Appeals Court Tackles Systemic Age Discrimination in Hiring

For years, it has been widely suspected that older applicants are being screened out of competition for jobs by employers using discriminatory computer software  programs.

This is why a landmark ruling this week  by a three-judge panel of the  U.S. Court of Appeals for the Eleventh Circuit in Atlanta is an important step in the battle against epidemic and systemic age discrimination in hiring.

In a 2-to-1 decision, the panel ruled:

  • The Age Discrimination in Employment Act does not bar job applicants from filing a disparate impact claim, a type of charge that challenges a facially neutral policy that has a disproportionate impact on older workers. This paves the way for older job applicants to file collective actions alleging age discrimination in hiring, a form of class action lawsuits permissible under the ADEA.
  • A job applicant should not be barred from filing an age discrimination lawsuit by the ADEA’s 180-day statute of limitations if the  applicant had no way of knowing that s/he was the victim of age discrimination.  The appeals court said the “clock” starts ticking when the plaintiff has enough information to support a cause of action.

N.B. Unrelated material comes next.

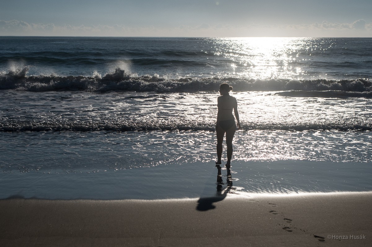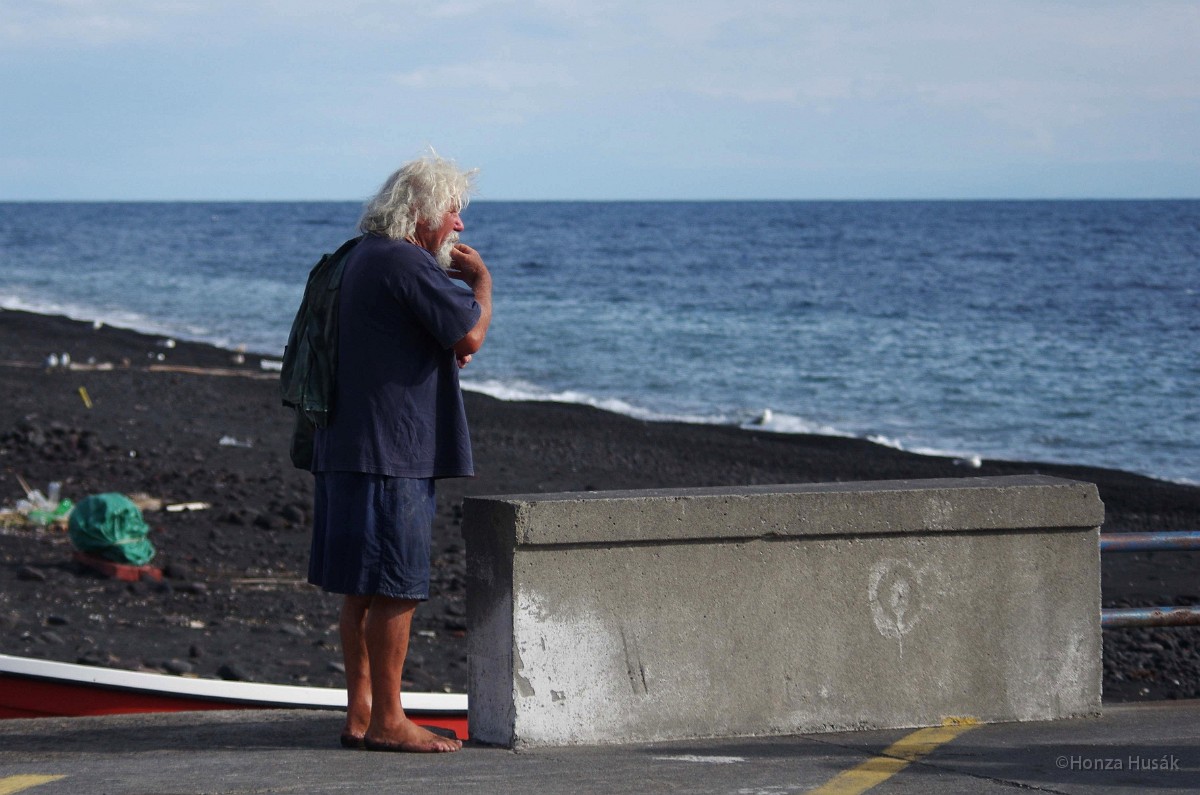 53 Vracíme se zpět k moři na černé sopečné pláže omílané mořem. Ani zde však není bezpečno -cedule varující před vlnou tsunami jsou tu na každém rohu. Poslední takováto událost se zde stala v r. 2002.

The case was filed by job applicant Richard Villarreal, who submitted multiple online applications to work as a sales manager for RJ Reynolds Tobacco starting in 2007 when Villarreal was 49 years of age. Villarreal did not learn until 2010 that Reynolds had adopted “resume review guidelines” that weeded out older applicants. At that point, he filed a discrimination lawsuit alleging both disparate treatment (intentional discrimination) and disparate impact discrimination. Obstacles embedded in theADEA led to the dismissal of Villarreal’s lawsuit by the lower court.

Specifically, the guidelines tell hiring managers to target candidates who are “2–3 years out of college” but to “stay away from” candidates with “8–10 years” of prior sales experience. 

The appeals court reversed the  lower court’s findings that the ADEA does not permit disparate impact claims and that Villarreal’s lawsuit was not timely under the ADEA’s  180-day statute of llmitations.

With respect to disparate impact claims, the appeals court  deferred to the U.S. Equal Employment Opportunity Commission’s interpretation of the ADEA, which is that job applicants can file disparate impact lawsuits. The appeals court panel writes, “We must defer to the EEOC’s] reading rather than venture our own guess about what the statute means.” The dispute over whether the ADEA authorizes disparate impact lawsuits by job applicants stems from the fact that  Congress amended Title VII of the Civil Rights Act in 1972 to protect “applicants for employment” but never similarly amended the ADEA.

The panel stated that Villarreal simply had too few facts to support an age discrimination claim until 2010 when a statistical analysis showed that  Reynolds had hired  1,024 people as Territory Managers from September 2007 to July 2010 but only 19 were over the age of 40.  The panel applied an equity or fairness-based principle to toll the statute of limitations until Villarreal had sufficient information to support a cause of action.The panel notes that neither the job application nor any other information available to Villarreal “described Rj Reynolds hiring process, the resume review guidelines, or the statistical disparities in the ages of successful applicants.”

Other defendants in the case are Careerbuilder.com, the internet search giant, and Pinstripe, Inc., a technology consulting firm based in Charlotte, NC.

The case is Villarreal v. R.J. Reynolds Tobacco Company, Pinstripe, Inc.  Careerbuilder, LLC.  The ruling technically is only applicable to the 11th Circuit, which  has jurisdiction over federal cases originating in the states of Alabama, Florida and Georgia. According to the dissent, three other federal circuits have held that job applicants cannot file a disparate impact claim. A conflict between the circuits can only be resolved by the U.S. Supreme Court.